> [Goal of the exercise] For the material below, the expected output is exactly the lines between the line holding "7 experiências apresentadas" and the line holding "Przewodniczący obrad Zjazdu", inclusive, with pictures left out.

_ _ _ _ _ _ _

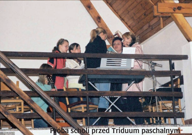
Próba scholi przed Triduum paschalnym
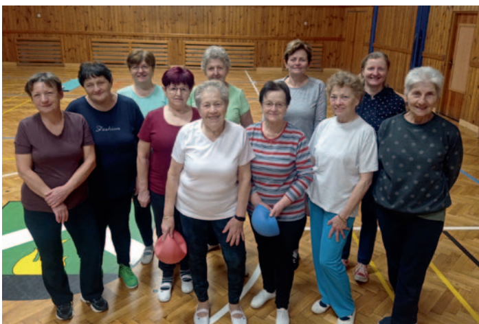
SPV – ženy
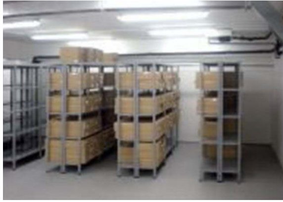
Depot for written and photo-documentation
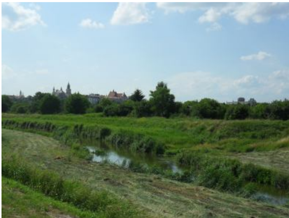
Ryc. 1. Panorama Starego Miasta w Lublinie z doliny Bystrzycy

Dolina Bystrzycy (długość na terenie Lublina 22,5 km, 30,4% całkowitej długości rzeki, szerokość doliny 0,5–1 km) stanowi główną oś przyrodniczą i krajobrazową Lublina, oddzielającą część centralną i północno-zachodnią miasta, położoną na Płaskowyżu Nałęczowskim, od części południowo-wschodniej na Wzniosłości Giełczewskiej. Jest to najmniej zabudowana dolina w mieście, ze stosunkowo dobrze zachowanymi terenami zielonymi. Niewielkie odcinki doliny wykorzystane są przez linie komunikacyjne. W latach 70. spiętrzono wody Bystrzycy tworząc w południowej części miasta Zalew Zemborzycki – potencjalne tereny rekreacyjne, podlegające postępującej degradacji. Rzeka, przepływając przez Lublin, tworzy zróżnicowane relacje przestrzenno-krajobrazowe. Można wyróżnić cztery odcinki, zróżnicowane pod względem nasycenia walorami przyrodniczymi i kulturowymi [Trzaskowska, Sobczak 2007]. Obwałowanie rzeki na znacznym odcinku miejskim spowodowało utratę jej widoczności w krajobrazie miasta. Rzekę możemy oglądać jedynie z 4 mostów, wiaduktu, budynków Politechniki, zabudowy przy ul. Romera i Alejach Zygmuntońskich oraz podczas spaceru lub przejażdżki rowerowej wzdłuż ścieżki spacerowo-rowerowej na wale (ryc. 1).
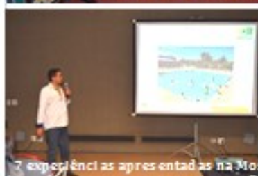
7 experiências apresentadas na Mostra e equipe de apoiadores e destaque
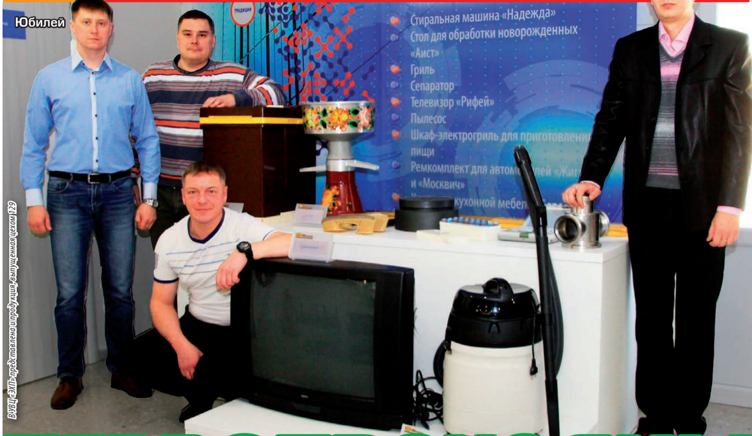
ВЫСТАВКА — ПРЕДСТАВЛЕНА ПРОДУКЦИЕЙ, СОЗДАНОЙ ЦЕХОМ 129
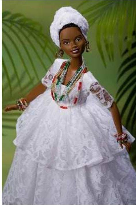
Illustration 13: Barbie bahianaise
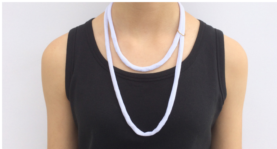
Imagem 36 - Jóia de Família - com cordão de ouro
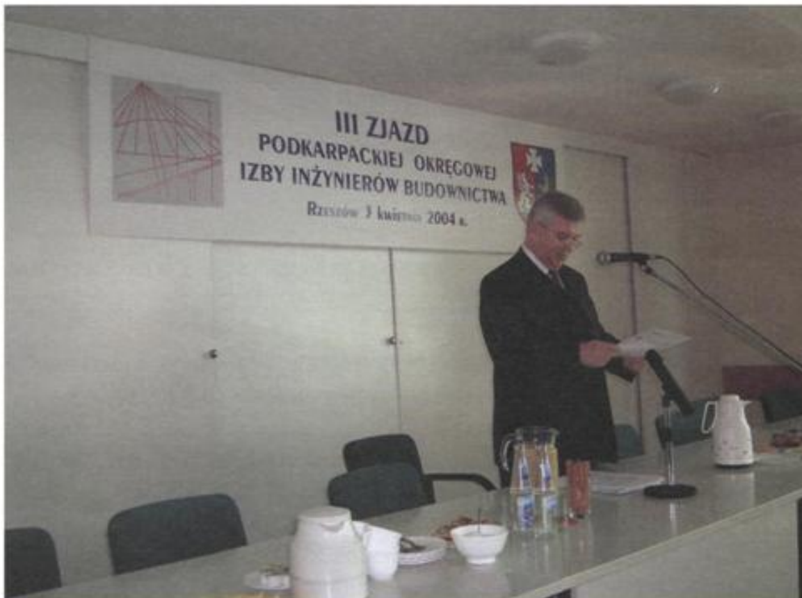
Przewodniczący obrad Zjazdu

Radzie Krajowej do rozpatrzenia, a ta orzekła, że w chwili obecnej jest niezasadny,

_ _ _ _ _ _ _

> [Task answer]
7 experiências apresentadas na Mostra e equipe de apoiadores e destaque
ВЫСТАВКА — ПРЕДСТАВЛЕНА ПРОДУКЦИЕЙ, СОЗДАНОЙ ЦЕХОМ 129
Illustration 13: Barbie bahianaise
Imagem 36 - Jóia de Família - com cordão de ouro
Przewodniczący obrad Zjazdu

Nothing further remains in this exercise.